マリエスさんのお母さんで歳だから戦闘業務は引退したんだよね。
「ありがとうございます、スイカ今度は切ってください。」
デザートにぴったりだよね。
「うん、ダイスカットだよね。」
ヤリアーゼおばさんが言った。
そう、みんなが手軽に水分補給出来るように
畑でとれたスイカはダイスカットして冷蔵庫で密封容器にいれて冷やしとくんですよ。
いつもはね。
「普通にきってください、デザートなんで。」
見た目でデザートと言うことにしよう。
「うん、わかった。」
ヤリアーゼおばさんが言った。
さてと、作っておいた、青菜練り込みパスタでも回転釜で茹でようかな?
「じゃ、運んでくるね。」
私はワゴンのとってを握って歩きだした。
「皆さん、昼食ですよ。」
会議場で声をかけると一斉に振り向かれた。
「パルラちゃん!?来なくていいって言ったじゃねぇか!」
マリエスさんが言った。
ええ?聞いてないよ。
それにお客様は?
「お客様はどこに行ったの?」
せめて、顔だけでも見られたら幸せなのに。
ま、しょせん、同性だけどね。
「あ?ああ、今、席を外してる。」
マリエスさんが言った。
「パルラ、ここはいいから、みんなとご飯を食べてきなさい。」
村長のティスセさんが言った。
「これが、契約書?…ちょっと探してくる。」
なに、この契約書!
安過ぎだよ!
文句を言おうと早足であるいていると
グラの神棚みたいなの(あいつが神殿~って騒ぐから土産の高級菓子の木箱を細工して作った。)の前で二人が話してた。

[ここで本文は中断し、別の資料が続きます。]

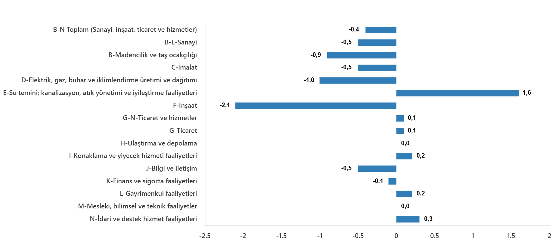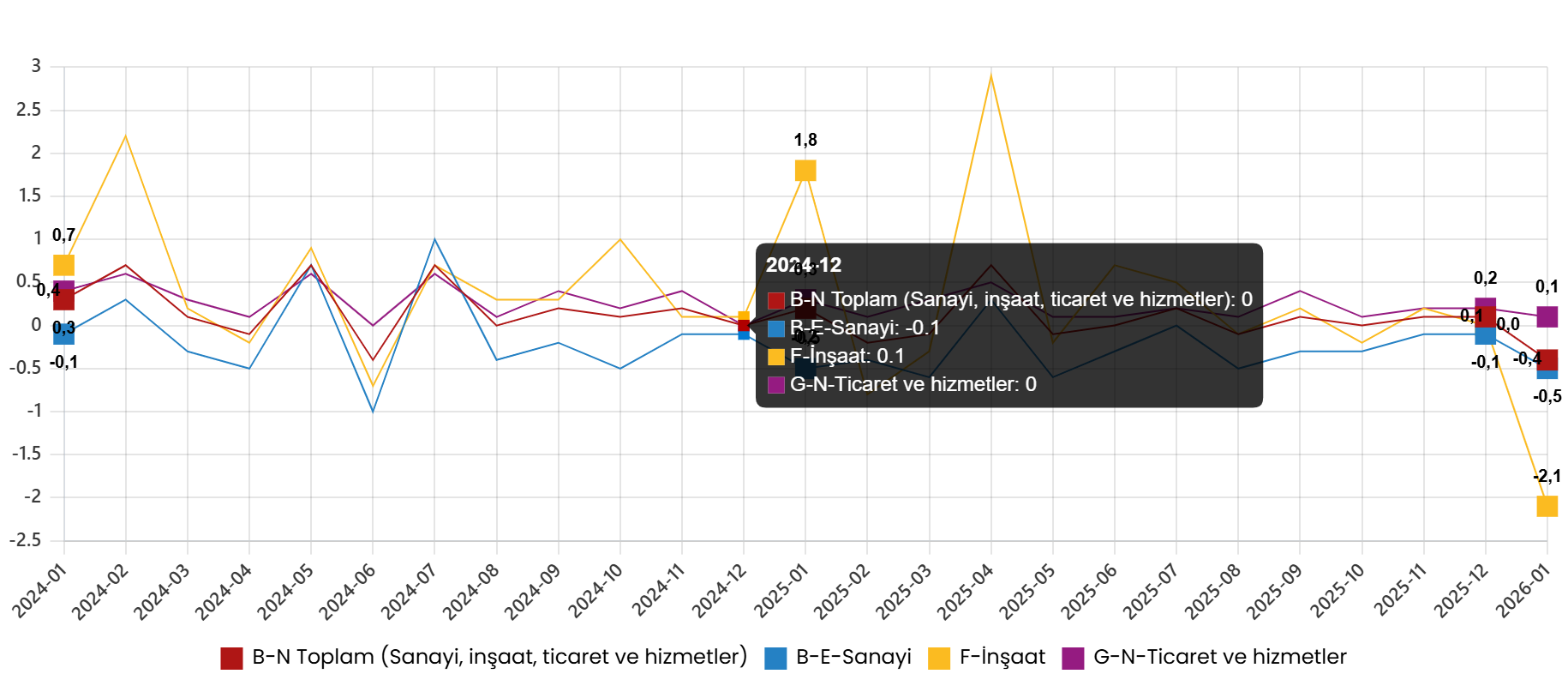 Ücretli çalışanların alt detaylarına bakıldığında; 2026 Ocak ayında ücretli çalışanlar aylık olarak sanayi sektöründe %0,5 azaldı, inşaat sektöründe %2,1 azaldı ve ticaret-hizmet sektöründe %0,1 arttı.
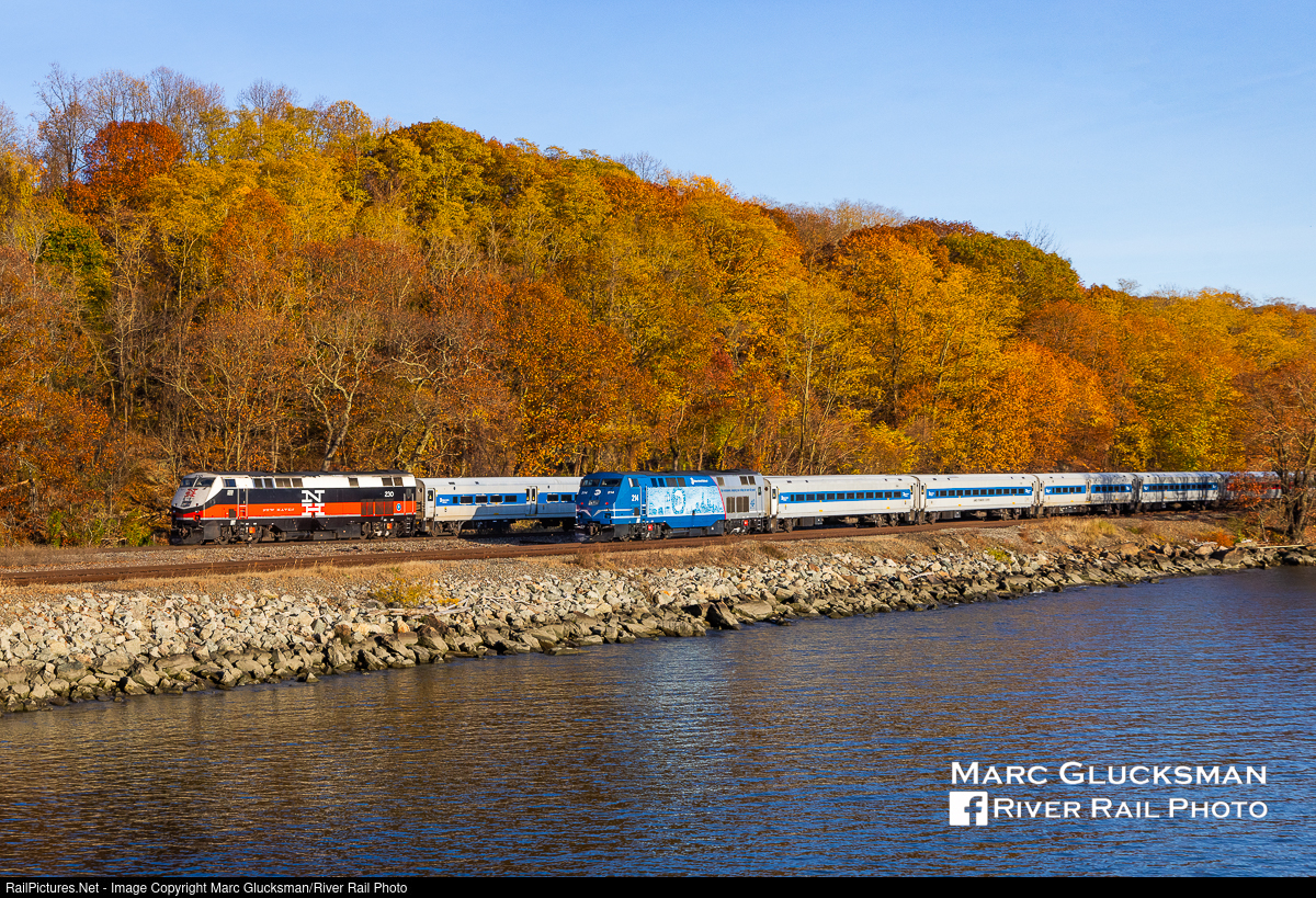 Fall Foliage Meet. During the last weekend of strong fall foliage color on Sunday, November 3, 2024, MTA Metro-North Railroad Train 2851 with 230 (New Haven/PC) met Train 4144 with 214 (40th Anniversary/Employee Appreciation) near Oscawana Island in Croton-On-Hudson, New York. Ironically, these two locomotives represent the newest (MNCW 214) and oldest (MNCW 230) 'special interest' locomotive designs on the MNR roster. The Hudson Valley in New York State is one of the great places to enjoy the trees changing color change in the northeast, and the trains have been very crowded during recent weekends.

「あの見積りはなんだ、剣の一族をバカにしてるのか?」
陛下?が言った。
「…僕もそう思います、財務大臣が恐らく横領したのではないかと。」
側近?が言った。
「確かめに来て良かった、あのような契約では、いつ裏切られても文句は言えん、すぐに作り直せ、公正な取り引きは大事だ。」
陛下が言った。
「はい、財務大臣のことは引き続き調査いたします。」
側近?が言った。
側近はそのまま、通信機片手に向こうに行った。
「その契約見直しで来たんですか?」
私はやっと声をかけた。
「聞かれてしまったか?パルラ殿。」
陛下が言った。
「誠実に対応してくださってありがとうございます、一人ぶんにも満たないから、どうに報復しようかと思ってました。」
私は微笑んだ。
カッコいいイケメンだけど、一族の方が大事だもんね。
「パルラ殿はもう成人されているのか?」
陛下が言った。
「もうすぐ、成人ですよ。」
私は村の共有の通信機で色々料金プランを練りながら言った。
こういうこともきちんと私がしないと
微妙に脳筋のみんなが騙されちゃうからね。
「成人されても、村で花嫁修業をして、いずれ、どこかの男に嫁がれるのか?」
陛下が私の手を持った。
ああ、カッコいい。
「私は男だから、花嫁修業なんて格好いいもんじゃなくて単なる引きこもりですよ。」
うん、女なら花嫁修業だって言えるのに。
「…男性なのか…。」
陛下が私を見つめてあまやかに笑った。
「なんですか?」
私は少し赤くなった。
「パルラ殿、うちの国に就職しないか?」
陛下が笑った。
「私、戦闘能力ないんですよ。」
私は言った。
少しでもあれば、就職しまーすって言えるのに。
剣の一族だもん望まれてるのはそれだよね。
「私の秘書官としてだ、いつでも、そばにいてほしい。」
陛下が私のほほを撫でた。
なんか、色っぽいなぁ。
やっぱり、イケメンは違う。
どうしようかな?
『行きなよ!運命の出会いだよ!』
グラが脳内で叫んだ。
そうだよね、これを逃すと一生引きこもり生活だもんね。
「考えてみます。」
でも、ほぼ、決定かな?
「そうか、いい返事を待っている。」
陛下はそういって今度は手の甲にくちづけた。
ああ、お姫様みたい。
でも、私、男だし、もしかしてBLにみえる?
陛下の方が身長高いし。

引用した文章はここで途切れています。